Series: Alive Before Midnight; Dead by Daylight [2]
Series URL: https://archiveofourown.org/series/1546696
Comments: 2
Kudos: 11





	1. The Beginning of an Obsession

**Author's Note:**

  * For [Quiet_roar](https://archiveofourown.org/users/Quiet_roar/gifts).

**Summary for the Chapter:**

> Susie learns about death and pokes a dead opossum.

Susie’s six and bored, her head resting against the glass of the car window and eyes lazily watching the scenery pass by. Something on the other side of the road catches her eye—a squirrel. It’s flat and there’s a dried dark spot around the small body.

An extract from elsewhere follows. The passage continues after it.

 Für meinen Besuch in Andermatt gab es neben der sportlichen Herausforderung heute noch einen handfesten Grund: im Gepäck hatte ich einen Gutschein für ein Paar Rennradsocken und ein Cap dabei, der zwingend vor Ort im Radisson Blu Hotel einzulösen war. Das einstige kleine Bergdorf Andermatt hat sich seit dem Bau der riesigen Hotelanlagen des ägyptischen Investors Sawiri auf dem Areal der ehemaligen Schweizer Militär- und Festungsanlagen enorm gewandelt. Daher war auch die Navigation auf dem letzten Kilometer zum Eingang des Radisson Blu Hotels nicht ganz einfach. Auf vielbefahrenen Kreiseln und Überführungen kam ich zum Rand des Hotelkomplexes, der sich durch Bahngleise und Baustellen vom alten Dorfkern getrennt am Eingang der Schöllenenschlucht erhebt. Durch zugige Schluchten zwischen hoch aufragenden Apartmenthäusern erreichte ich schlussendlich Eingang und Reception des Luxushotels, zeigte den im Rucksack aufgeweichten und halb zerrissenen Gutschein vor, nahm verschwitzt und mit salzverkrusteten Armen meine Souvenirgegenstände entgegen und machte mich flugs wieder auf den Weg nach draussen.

“Mommy, why’s there a squirrel?” She asks quietly, trying to turn to see it as they pass by.

“Hm?”

“There’s a squirrel in the road.” She repeats. “Why?”

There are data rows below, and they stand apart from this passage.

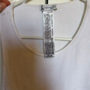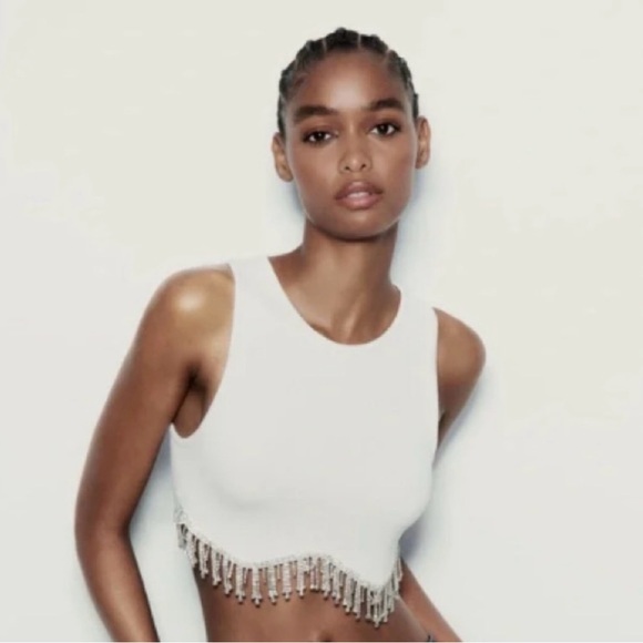 Zara White Ribbed Crop Tank with Rhinestone Fringe
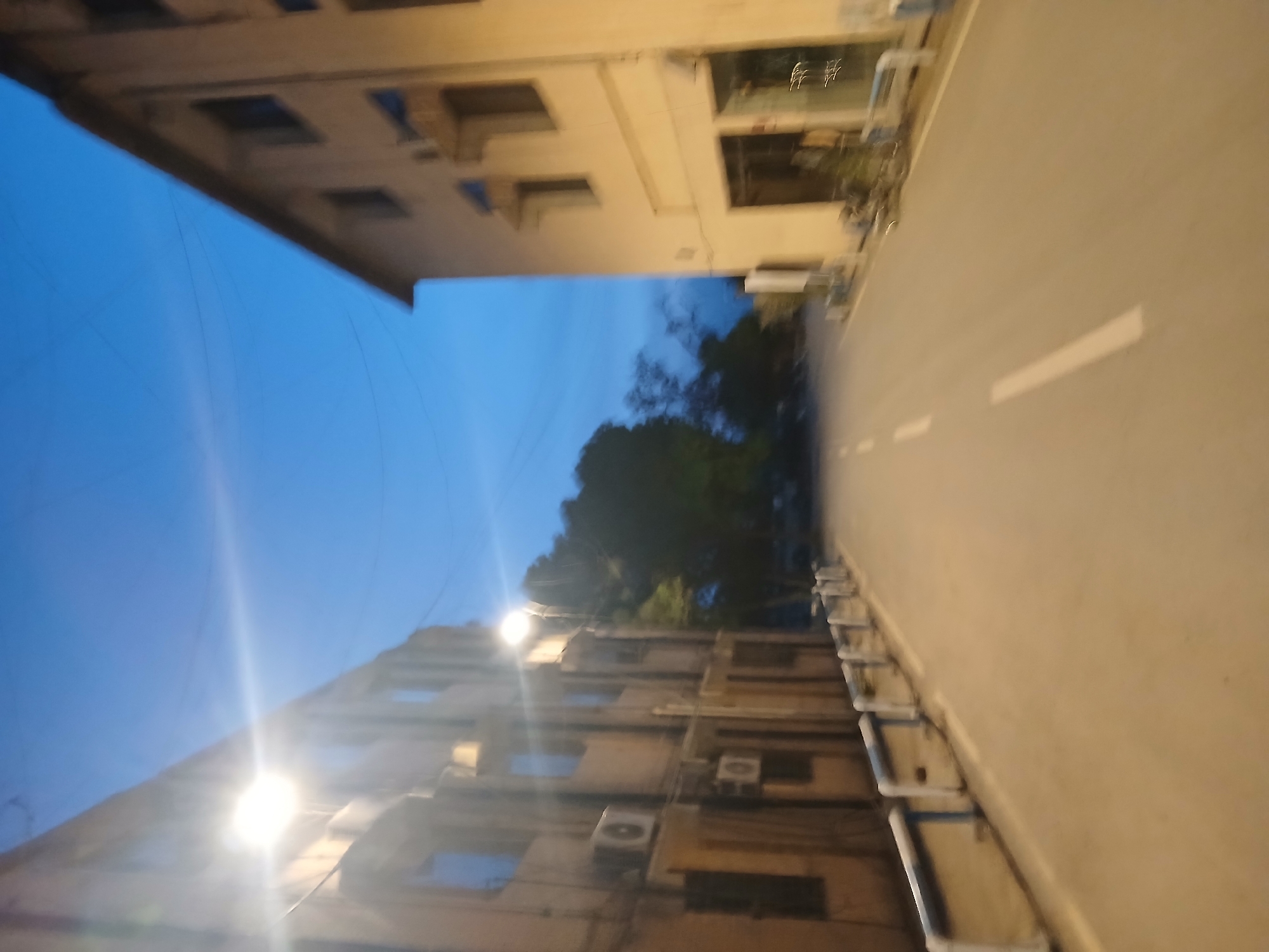 The image depicts a street scene in Quetta City Tehsil, Pakistan, at twilight or dawn. The street is flanked by buildings on both sides. The building on the left appears to have multiple stories with windows and what appears to be air conditioning units on its facade. The building on the right also has multiple stories with windows and balconies. Overhead, the sky is a deep blue. The street is paved and has a dashed white line indicating traffic lanes. Streetlights illuminate the scene. There are trees visible between the buildings. There are no people visible in the image.
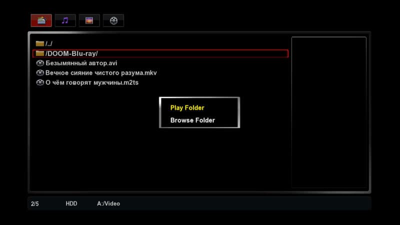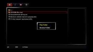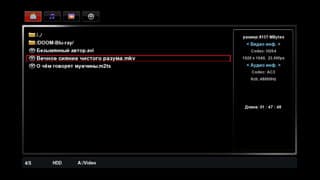 При выделении видеофайла в правой части окна отображается информация о размере кадра, кодеке и продолжительности фильма | При входе в любую папку плеер предлагает проиграть всё её содержимое, либо открыть для выбора конкретного файла |

Her mother sighs, keeping her eyes ahead of her. “It’s dead, honey.”

“Dead?” Susie wrinkles her nose. “Like daddy?”

Her mother twitches. “Yes,” she snaps irritably. “It’s sleeping and it’ll never wake up.”

Susie tries to see the squirrel again but they’ve gone too far from the furry animal. 

“That’s sad,” she decided after a moment of debate. “Why do things die?”

Her mother sighs again. “Because that’s how the world works.”

“Oh, okay,” she said, nodding as if she understood. She didn’t really but mommy didn’t want to talk about it anymore, so she stayed quiet, thinking about squirrels in the road and her daddy who wouldn’t be coming back. 

* * *

Several weeks pass by and Susie’s largely forgotten about the incident—until she finds an unmoving opossum in her backyard.

“Hello?” She asked it, expecting it to get up and bolt. She pinches her nose closed when she smells the stench coming off of it, recoiling in disgust. “Ew, you smell,” she said to it, voice higher than usual with her nose pinched shut. She looks at it closer. “Are you dead?” It didn’t move. 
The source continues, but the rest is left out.